The new rail station is being integrated with county Metrorail and Metromover systems, and is being considered a transit hub for the city with connections to buses, trolleys, taxis and more.
Its primary function is home to a new passenger rail service called Brightline. MiamiCentral will also house a Tri-Rail link.
In March, express passenger rail service Brightline announced target dates for service launch in South Florida, with introductory express service between West Palm Beach and Fort Lauderdale beginning in late July, followed by service to Miami in late August.
Just west of the main construction, All Aboard Florida is building a mixed-use project known as 3 MiamiCentral that will bring a grocer, along with office and retail uses to the Overtown neighborhood.

5 Responses to MiamiCentral and Brightline get aerial easement boost

  1. DC Copeland

    May 31, 2017 at 8:04 am

    Luckily the bureaucratic mind-think that was used at Flagler and Biscayne didn’t come into play here. A few years ago “experts” made Tibor Hollo remove the elevated platform that he envisioned connecting MetroMover to his proposed legacy project, the 1,000’+ multi-use skyscraper One Bayfront Plaza. In that case, they– including the DDA– wanted people riding the elevated tram to exit and take the stairs/elevator down to Biscayne Blvd and cross traffic to get to his building. The reason: to make downtown feel like a “real metropolis” with people walking the streets.

    • Alan

      June 4, 2017 at 10:23 am

      I love transportation done right. Agree Mr. Copeland that would have been a nightmare.

      • DC Copeland

        June 5, 2017 at 10:52 am

        That “nightmare” is still with us. Hollo agreed to scrap the elevated platform to his building.
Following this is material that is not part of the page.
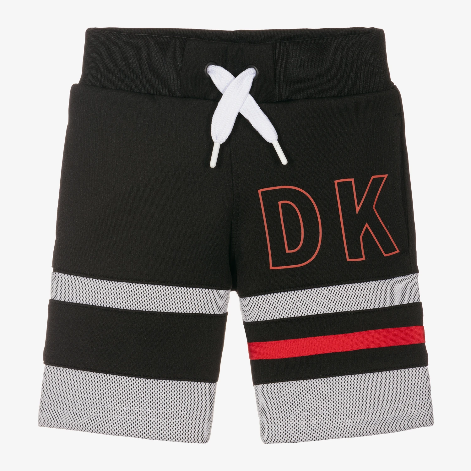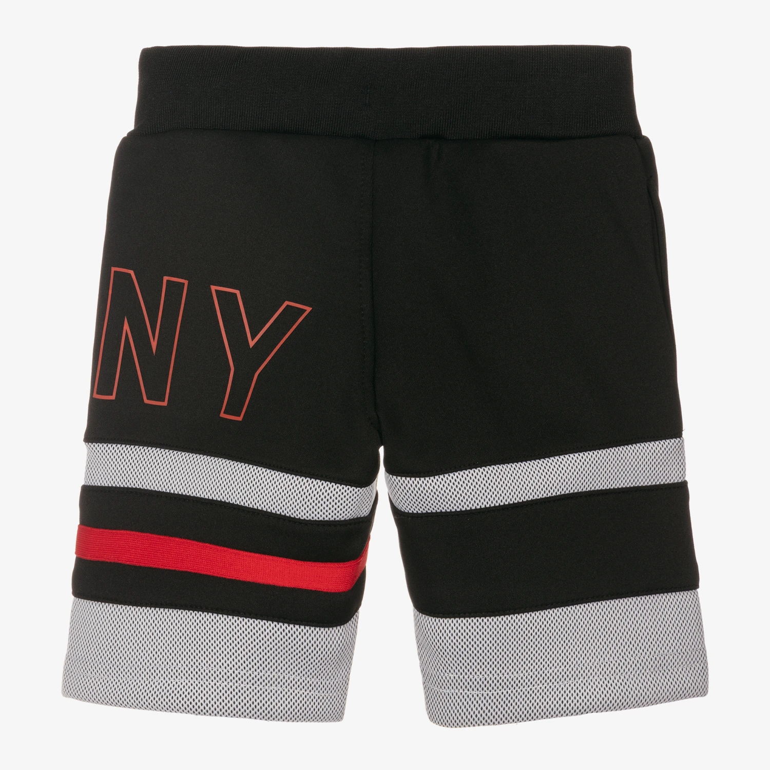 Black jersey shorts for boys by DKNY, made in a polyester jersey. They have a bold red rubber logo print on the front and back, with red trims and white perforated detailing. They have two side pockets and a drawstring waist.
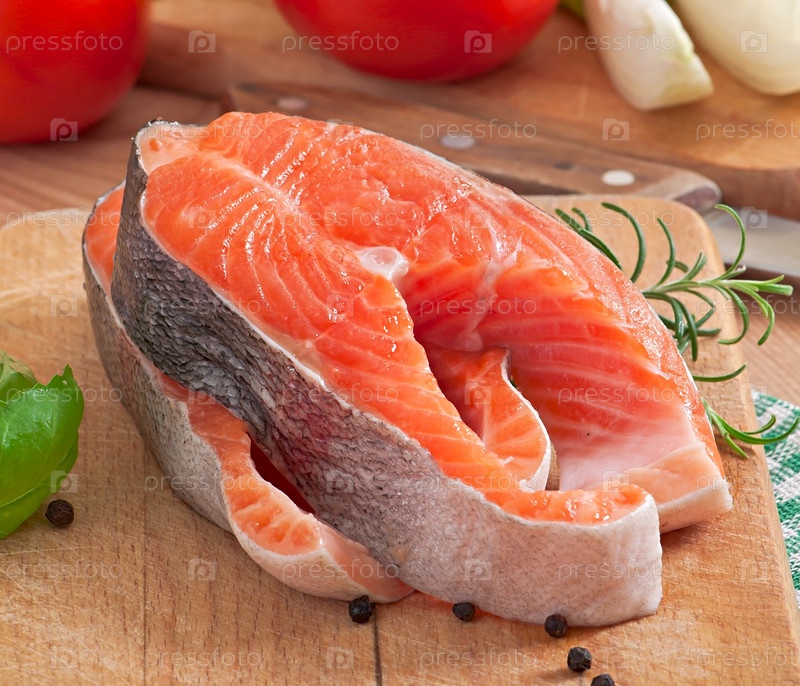 Сырые стейки форели со специями на деревянной разделочной доске

  2. Jeffrey R. Orenstein, Ph.D.

    June 6, 2017 at 10:23 am

    It sounds like a sensible approach to modern transportation. I feel to see the “nightmarish” aspect of it. Cities like New York, Chicago and Philadelphia regularly use such elevated approaches to separate road and rail.

    • DC Copeland

      June 6, 2017 at 12:06 pm

      Off the grid mass transit is not the “nightmarish” aspect of what happened to Hollo’s building. It’s the fact he conceded to the “experts” to scrap the elevated platform connecting the MetroMover station to his building. Now thousands of people who take the MetroMover will have to disembark, hit the street rain or shine and run/walk across 3-lanes of traffic to get to that building. It shows no common sense– especially when the developer was willing to pay for that pedestrian flyover from the station.